A team of students from Newcastle and Sheffield Universities worked on Anchor Church Field in Crowland for several weeks in 2021 and uncovered some exciting finds – including a high status medieval building. This building was previously thought to represent a medieval chapel, but excavations in 2021 showed it is in fact a medieval hall. This structure would have been used as a residence and was divided into three parts with an ancillary room added to one corner.

==Organ==
The abbey has a small two manual pipe organ. A specification of the organ can be found on the National Pipe Organ Register.

==Bells==
Crowland Abbey is claimed to have been the first church in England – and among the first in the world – to have a tuned peal or ring of bells (circa 986).
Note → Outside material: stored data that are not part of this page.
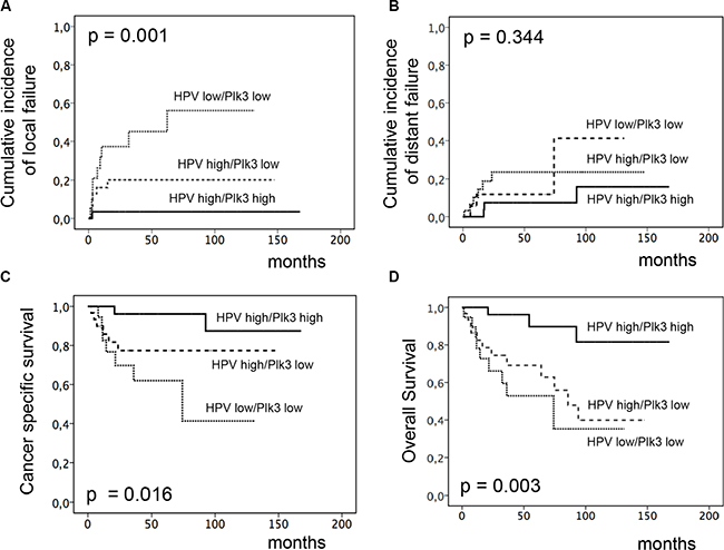 Figure 4: Incidence of locoregional and distant failure, CSS and OS according to combined HPV16 DNA load and Plk3 expression. Cumulative incidence of locoregional. (A) and distant failure (B), CSS (C) and OS (D) according to combined HPV16 DNA load and Plk3 detection (high HPV16 DNA load and high Plk3 vs. high HPV16 DNA load and low Plk3 vs. low HPV16 DNA load and low Plk3 expression) in pretreatment biopsies of patients with anal carcinoma treated with definitive CRT.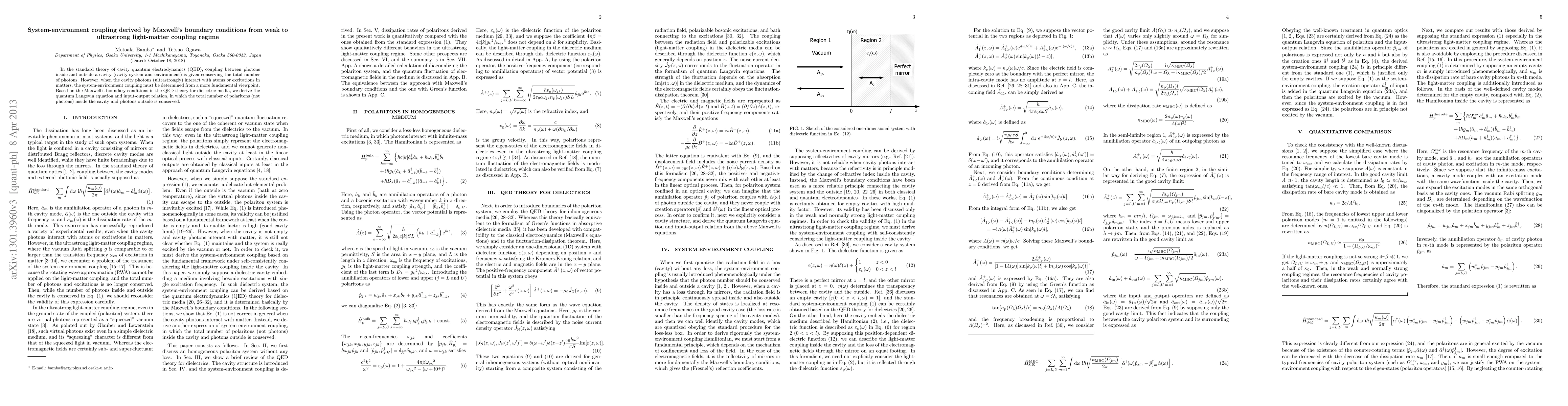 In the standard theory of cavity quantum electrodynamics (QED), coupling between photons inside and outside a cavity (cavity system and photonic reservoir) is given conserving the total number of photons. However, when the cavity photons (ultra)strongly interact with atoms or excitations in matters, the system-reservoir coupling must be determined from a more fundamental viewpoint. Based on the Maxwell's boundary conditions in the QED theory for dielectric media, we derive the quantum Langevin equation and input-output relation, in which the total number of polaritons (not photons) inside the cavity and photons outside is conserved.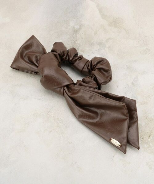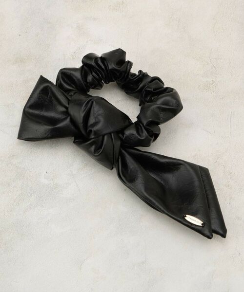 トレンド感のあるレザー調のリボンモチーフシュシュ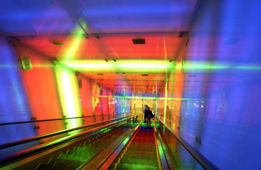 veien. Sjelden opplever vi en slik samkjøring hvor resultatet blir et gjennomtenkt arkitektonisk bygg der lyset spiller en viktig rolle. Basaltvegger og glass leder inn i bygget på markplan, lyset er plassert for å vise vei inn i paviljongen. Inne, over og på sidene av rulletrappene, hvor 1800 lysrør er installert bak glass, skifter både farge og intensitet i tidsintervaller til musikk, og alt styres via sensorer som reagerer dynamisk med publikum, sier juryen.

According to the Croyland Chronicle, the Abbot Egelric, who died in 984, supplied the peal of bells:

He also had two large bells made, which he called Bartholomew and Bettelm; also two of middle size, which he called Turketul and Tatwin; and two small ones, to which he gave the names of Pega and Bega. The Lord abbat Turketul had previously had one very large bell made called Guthlac, and when it was rung with the bells before-named, an exquisite harmony was produced thereby; nor was there such a peal of bells in those days in all England.

However, the histories attributed to the 11th-century Abbot Ingulf are now known to be the 14th-century inventions of Pseudo-Ingulf, thus casting doubt on the story.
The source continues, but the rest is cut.